Deanna (Gayathri Segaren) finds out that she is terminally ill. She decides to entrust her husband, Kenneth (Ebi Shankara), to her best friend Ananya (Carla Dunareanu). Now, Ananya has to choose between James (Jason Godfrey), a man whom she has always admired, and Kenneth.

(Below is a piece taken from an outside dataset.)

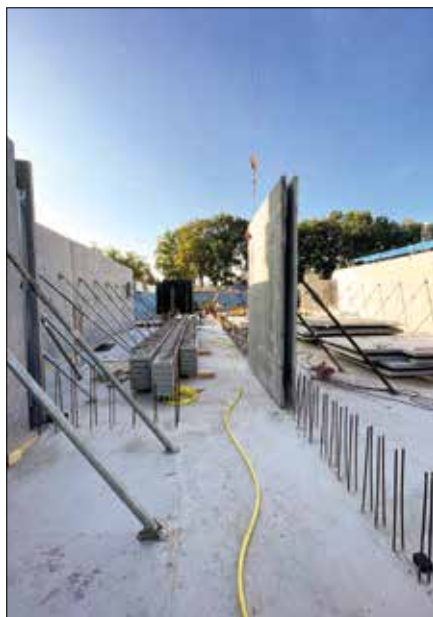
FIGURA 6 INSTALAÇÃO DE PEÇAS PRÉ-FABRICADAS

fundações e paredes estruturais, totalizando aproximadamente 3.000 m 3 de concreto. A adoção do EFC permitiu uma redução estimada de cerca de 600 toneladas de CO 2 , mantendo os requisitos estruturais

Meanwhile, as dutiful wife Rosnani (Ariati Tyeb Papar) is tending to her boss and mother-in-law Adina's (Mastura Ahmad) orders at their family restaurant, her husband Zaryn (Hatta Said) is rendezvousing with his boss Syirah (Adlina Adil). Rosnani's life revolves around her family and now, her world is about to shatter.

==Cast==

| Actor | Character |
The Balas
| Gayathri Segaran | Deanna Bala (deceased due to brain tumor cancer) |
| Ebi Shankara | Kenneth Bala |
| Rishi Varman | Nathan Bala (child counterpart played by Kavisha Fernando) |
| Hasisha Nazir | Nina Bala (child counterpart played by Roushana Zahra) |
| Sage Elijah Wales | Nikky Bala (baby counterpart played by Aiden Viknesvaran) |
The Hassans
| Hatta Said | Zaryn Hassan |
| Ariati Tyeb Papar | Rosnani Johari |
| Mastura Ahmad | Adina Samsudin |
| Danial Ashriq | Zaryf Hassan |
| Sofia Dendroff | Zara Hassan |
| Khal Satria | Khaled Hassan |
The Lohs
| Thomas Ong | Steven Loh (Deceased) |
| Jasmine Sim | Ella Shelley |
Ella Loh
| Margaret Lim | Loh May Wan |
| Maxi Lim | Loh Ah Hock |
| Timothy Lee | Handsome Loh |
The Shelleys
| Rachel Wan | Loh Ah Yoke |
Yoke Shelley
| Jason Godfrey | James Shelley |
| Sue Tan | Jessica Shelley |
| Aaron Khaled | Louis Shelley |
| Bridget Fernandez | Celia Shelley |
| Aaron Mossadeg | Julius Shelley (né de Cotta) |
| Lok Meng Chue | Eunice Shelley |
| Mel Ferdinands | Derek Shelley |
| Germaine Tong Xin Ci | Maxine Shelley |
The Jamaluddins
| Adlina Adil | Syirah Jamaluddin |
| Salif Hardie | Ashraff Jamaluddin |
| Nurul Nabila | Aminah Jamaluddin |
The Chans
| Frances Wong | Madeline Chan |
| Leong Chun Chong | Michael Chan |
The Shens
| Brian Ng | Shen Yang |
| Chua En Lai | Shen Tian |
| Irene Ang | Ling, Yang and Tian's Mother |
| Verana Lee | Dawn Shen |
The Kwans
| Elizabeth Lee | Emily Kwan |
| Johnny Lu | Charles Kwan |
The Quahs
| Charlie Goh | Matthew Quah |
| Bernard Tan | Wilson Quah |
Related to The Shelleys
| Carla Dunareanu | Ananya Davies |
| Joe Moreira | Adeeb Singh, Private Investigator (Deceased) |
| Michael Lee | Goh Lim Young |
| Eleanor Tan | Gwyneth Wynn, The Singapore Prattler Interviewer |
| Jumie Haron | Latifa Hamza, member of the Orchid Ladies Society |
| Chen Xi | Adam Seah (Deceased) |
Related to The Lohs
| Junaidah Eksan | Nurul Farah Suhaimi |
| Ling Ying | Debbie Yeo |
| Noah Yap | Rickson Ang |
Related to The Hassans
| Fazlyna Aziz | Dewi |
| Laura Kee | Natasha Chia |
| Syed Azmir | Razali Tahir |
| Amirah Yahya | Illya Saifuddin |
Related to The Balas
| Grace Kalaiselvi | Mathilda Harikrishnan |
| Narain | Ajay Devan |
Other supporting characters
| Karen Tan | Elizabeth Pang |
| Xenia Tan | Melody Zhou |
| Benjamin Eio | Joseph Wong |
| Lynnie Cheong | Helen Choy |
| Krissy Jesudason | Cameron De Rosa |
| Asher Su | Richard Tan |
| Nadia Ali | Arissa Jasni |
| Cheryl Lee | Jenny Lin |
| Cassandra Spykerman | Isabelle Maya |
| Marc Valentine | Jeffrey Yeoh |
| Andrew Lua | Alan Teo |
| Ferlyn Wong | Fiona Cheong |
| Aizuddiin Nasser | Syaiful Yakob |
| Melva Lee | Katelyn Palmer |
| Suhaimi Yusof | Helmi Johari |
| Bobby Tonelli | Donovan Rossi |
| Andrew Thio | Albert Song |
| June Lim HZ 林惠贞 | Dr Poh |
| Mila Troncoso | Preschool Teacher |
Dr Chng

==Episodes==

| Season | Number of episodes |
|---|---|
| 1 | 121 |
| 2 | 247 |
| 3 | 244 |
| 4 | 242 |

==Music==
The theme song "Save Me From Myself" for this series is written by Singaporean singer songwriter and producer Serene Koong.

== Special episodes ==
In June 2020, Mediacorp and social storytelling platform Wattpad organised a Kin fan fiction writing contest. They received 133 entries from Singapore and other countries. Four entries out of the winning entries were adopted and filmed by Mediacorp as spin-off episodes.

The four episodes, of 30 minutes each, are not related to the KIN storylines but of alternate stories if certain characters had made different choices. The episodes were shown on MeWATCH on 17 December 2020 and shown on Channel 5 weekly from 8 February 2021.